WHAT IS REQUIRED: Images don't belong in the copy. Output the rest of the data exactly.

AVAILABLE DATA:
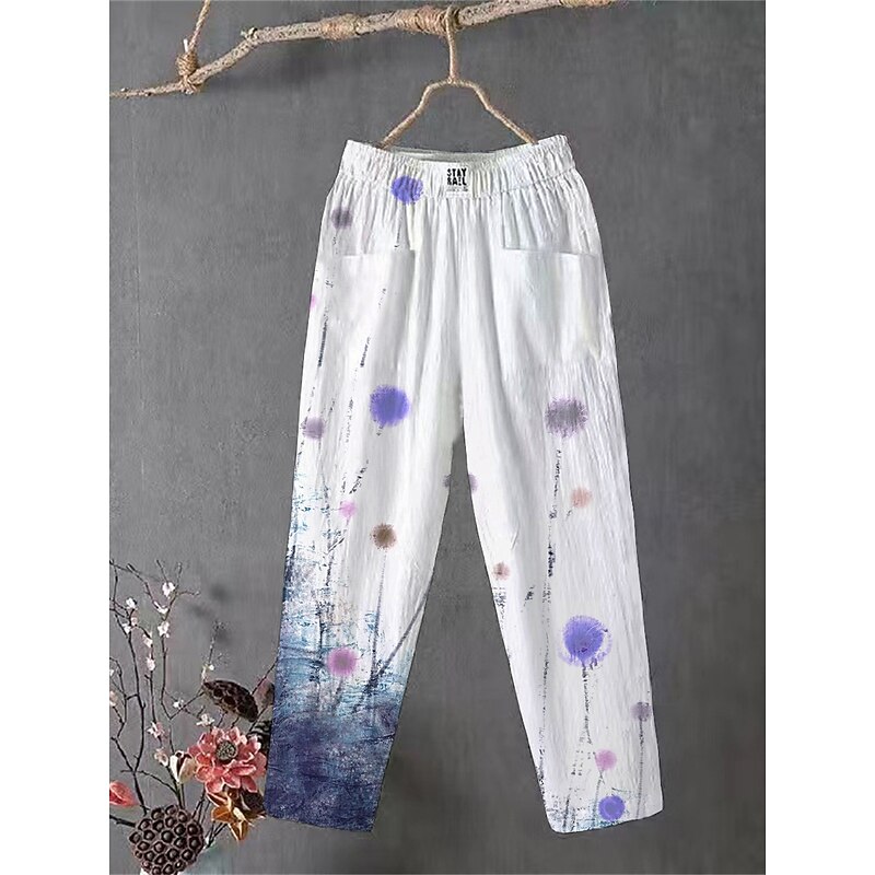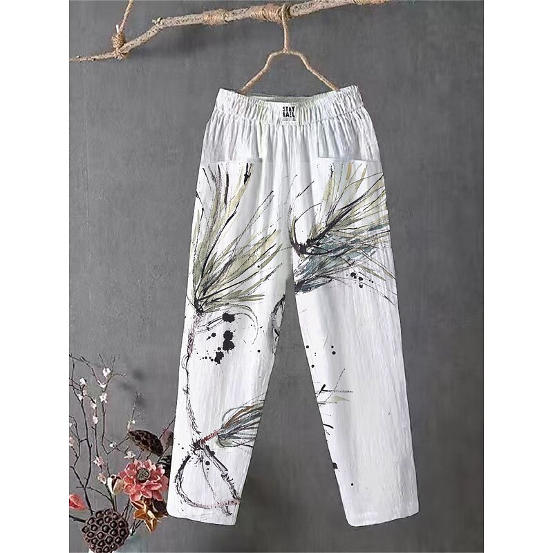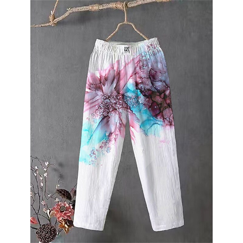 Women's Cotton Linen Pants Slacks Baggy Pants Comfort Chino Ankle-Length Medium Waist Flower Pocket Baggy Print Breathability Micro-elastic Outdoor Daily Light Pink White / White Black 4# Blue All 6
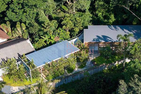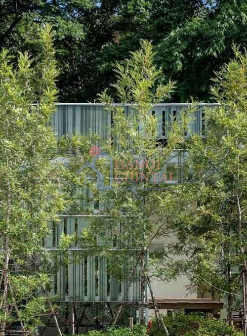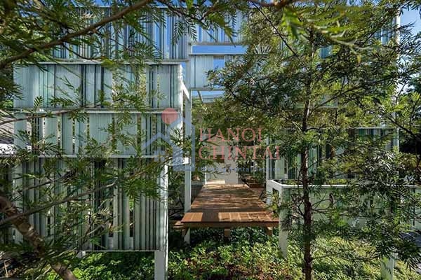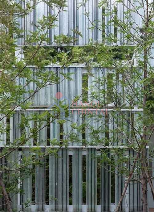 Cây xanh bao quanh ngôi nhà, tạo nên một bức tường xanh mát mắt.
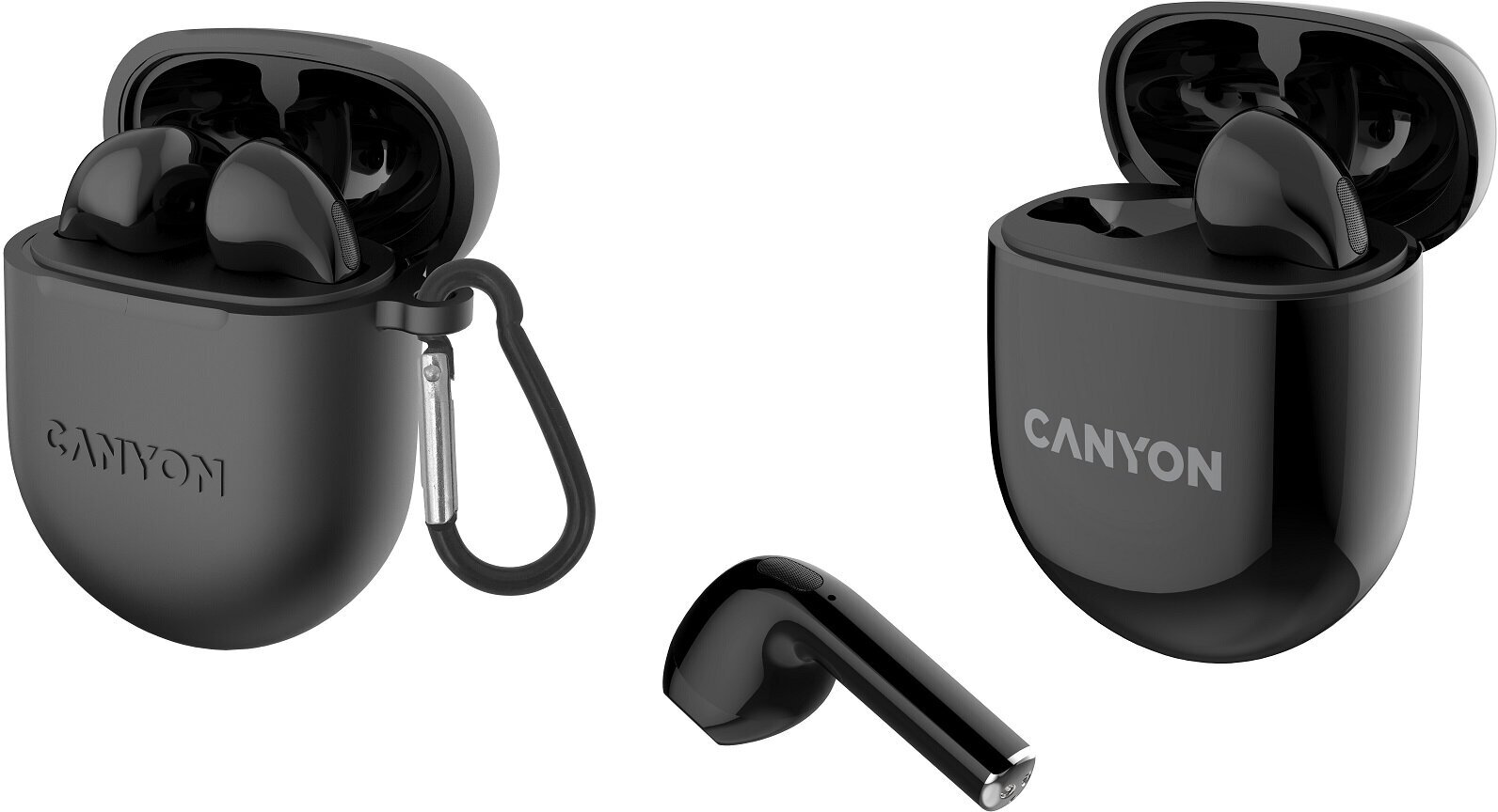 Сервис сравнения цен СкидкаГИД предлагает сравнить цены на товар «Наушники беспроводные Canyon с микрофоном soft touch силиконовый чехол с карбином BT аккумулятор в наушниках 30 мАч*2+чехол для зарядки 400 м TWS-6»
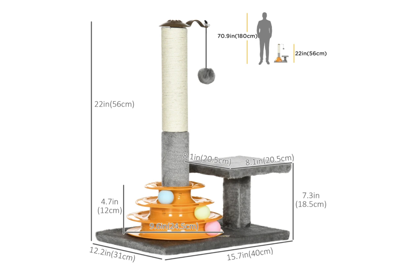 - Features all they need in one mini spot: A perch, scratching post and play ball

RESPONSE TO THE TASK:
 Women's Cotton Linen Pants Slacks Baggy Pants Comfort Chino Ankle-Length Medium Waist Flower Pocket Baggy Print Breathability Micro-elastic Outdoor Daily Light Pink White / White Black 4# Blue All 6
 Cây xanh bao quanh ngôi nhà, tạo nên một bức tường xanh mát mắt.
 Сервис сравнения цен СкидкаГИД предлагает сравнить цены на товар «Наушники беспроводные Canyon с микрофоном soft touch силиконовый чехол с карбином BT аккумулятор в наушниках 30 мАч*2+чехол для зарядки 400 м TWS-6»
 - Features all they need in one mini spot: A perch, scratching post and play ball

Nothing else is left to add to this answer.